I can`t decide on the best way to wash my microfiber cloths and towels, at the moment I am hand or machine washing them with a non bio powder and line drying.

Is there a better way ?


----------



## Whitey172 (Feb 4, 2011)

30c with non bio and line dried works for mine


----------



## Chufster (Nov 21, 2010)

Liquid is recommended instead of powder, to prevent any powder residue being left in the cloth and possibly marring the paint.


----------



## SystemClenz (Oct 31, 2008)

Whitey172 said:


> 30c with non bio and line dried works for mine


Dito


----------



## Shinyvec (Feb 12, 2010)

I am using either Non Bio Liquid or Chem Guys Microfibre wash and white vinigar in the conditioner slot in the washer and both ways work for me, and thanks for telling me this guys as before I was just using normal wash liquid and conditioner


----------



## CliveP (Feb 1, 2009)

I sometimes find 40 degrees (non bio) and a low tumble dry brings the microfibre all soft and fluffy! Some wax residues comes up better at 40 rather than 30.
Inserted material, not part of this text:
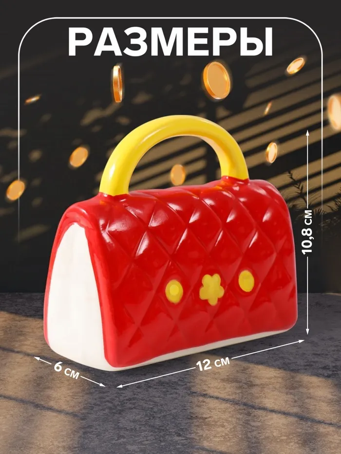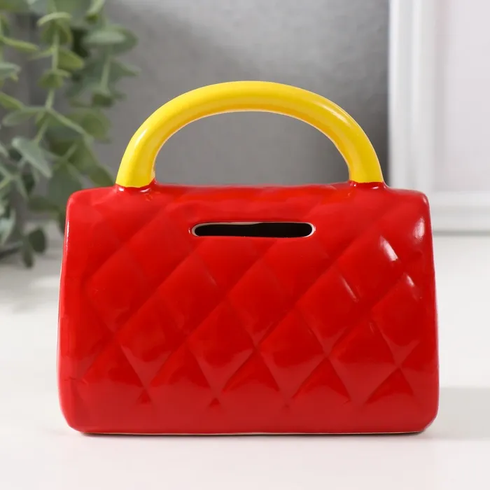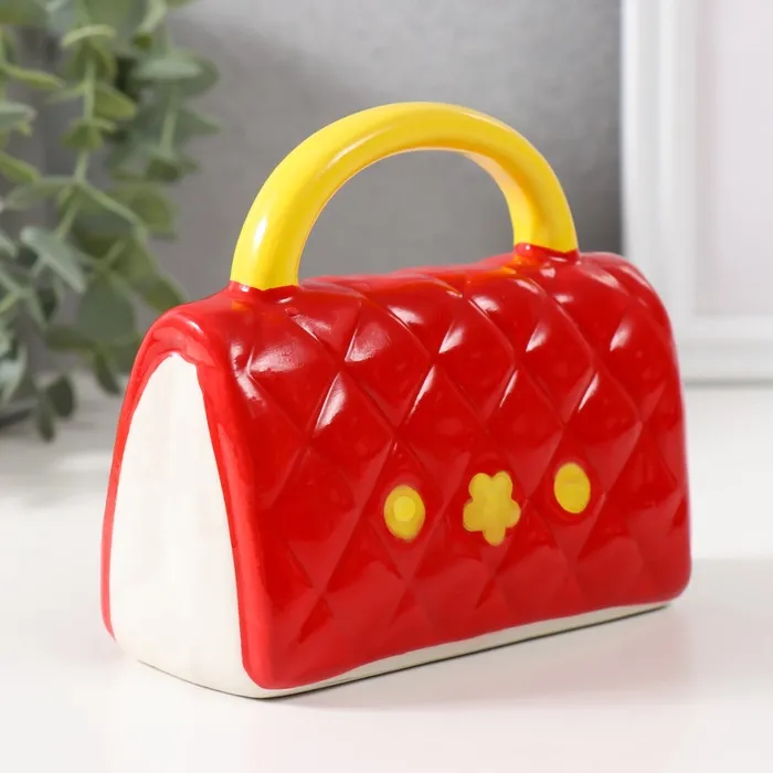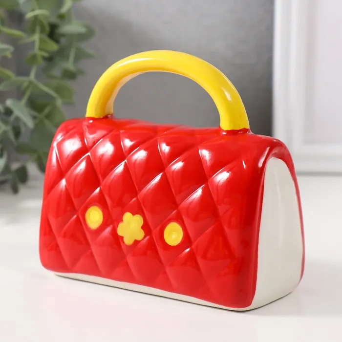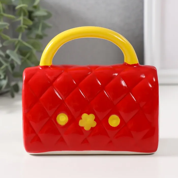 Копилка для денег «Стёганная красная сумочка с цветком», керамика, 12×6×10.8 см — Характеристики

I recommend Woolite (the pink one) designed for microfibre, available at most main supermarkets!

Regards,
Clive.


----------



## SystemClenz (Oct 31, 2008)

Simple cheap non bio mate works fine, I do however press the button for extra rinse to reduce the chance of any powder remaining on the towel/cloth/micro fibre.


----------



## bobssignum (Apr 12, 2008)

CliveP said:


> I sometimes find 40 degrees (non bio) and a low tumble dry brings the microfibre all soft and fluffy! Some wax residues comes up better at 40 rather than 30.
> 
> I recommend Woolite (the pink one) designed for microfibre, available at most main supermarkets!
> 
> ...


Ditto :thumb: woolite works a treat


----------



## Chufster (Nov 21, 2010)

You can go higher than 40 degrees if you need to. One of my microfibres said to wash up to 90!! I haven't needed to yet, but could be useful if they are particularly mucky or you have waxey residue on them.
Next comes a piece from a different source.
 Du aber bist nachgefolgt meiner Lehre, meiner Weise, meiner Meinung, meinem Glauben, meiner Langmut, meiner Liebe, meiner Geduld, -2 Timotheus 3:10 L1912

I too just use bog standard non-bio liquid and white vinegar in the conditioner draw.


----------



## JJ_ (Oct 26, 2005)

I do 90 deg on most of mine not the cheap ones out of asda or Costco. I have a few to wash infact !


----------



## RCZ (Aug 13, 2010)

If they are particularly greasy, soak them in soda crystals first and put some in the wash as well. (They're good for the washing machine anyway as they stop limescale building up. Way cheaper than Calgon!). http://www.dri-pak.co.uk/soda-crystals-for-laundry.html

This is preferable to going above 40 deg C. Use non-bio powder and white vinegar in the conditioner drawer. Then line dry.


----------



## xcJohn (Jan 23, 2011)

Tesco are selling the non bio Persil liquid for 8 squids, does 85 "normal" washes. If you're only doing micro fibres then I reckon you'd get a load more use out of it. The only thing that I've found needs more than 40 degrees is Colli 915.


----------



## David C (Feb 23, 2008)

Thanks guys, appreciate all your help :thumb:


----------